Thanks for bringing this up. The main difference would be that I trained for around 72 hours on a single GPU, which totals around 200k optimization steps, depending on the type of GPU. In the HIFIC paper, Appendix A.6, they state they trained for 2M optimization steps, 10x longer. I guess if you were willing to train for longer you would be able to obtain better results. To the best of my knowledge, all hyperparameters and the architecture is identical to the HIFIC paper and the Hyperprior implementation in Balle et. al. (2018) - with the one exception of the 'synthesis' transformations used in the Hyperprior and Generator.
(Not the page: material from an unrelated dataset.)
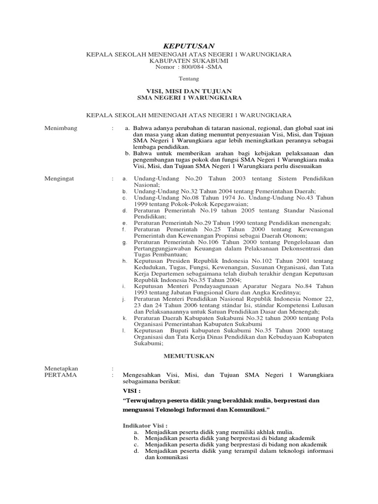 Contoh Sk Penetapan Visi Misi Dan Tujuan Sekolah Bentuk File Word Contoh Surat Lamaran Kerja Contoh Surat Resmi Conto Matematika Kelas 8 Sekolah Pendidikan

As you may see in the definition of the synthesis and hyper-synthesis transforms here, instead of performing the standard cross-correlation during upsampling, they perform a true convolution. You can find the implementation details here - they use a custom Convolution class. I can't find any explanation why this is done - the docs in the TF Compression library claim this results in a speed increase, but I'm not sure how it affects the final result. If you find a good explanation of the point, I would be interested in hearing it.

Also PRs to implement this are very welcome.

Artem531 commented 3 years ago

Ok, thank you for your reply! I will try to train the model with half-precision with my custom multi-GPU mode and check your guess.

I am closing this issue.

mmSir commented 3 years ago

@Artem531 Hi, Artem531! Have u tried to train more steps (for instance, 500k steps or more) yet? Could u please share your training results? I'd like to know whether this pytorch implementation could archive exactly the same result in HiFiC paper. Here is my test result on CLIC2020 (12 images were removed due to out of memory during compress on my GPU) image

Thank you!

Artem531 commented 3 years ago

@mmSir Hi, mmSir!

I tried to use 16-bit precision with apex (amp_level='O2') and find out that learning with these settings is not stable after ~25 epochs (300k steps (?)). So I could not reproduce the results :(

If you have multiple GPUs, you can try to use my Lightning PyTorch version of this repository for multi-GPU learning without 16-bit precision and apex (https://github.com/Artem531/Lightning_HiFiC). But be careful I did not have much time to find all possible issues (tested on two 1080ti GPUs).

mmSir commented 3 years ago

All right. Thanks for your reply! :)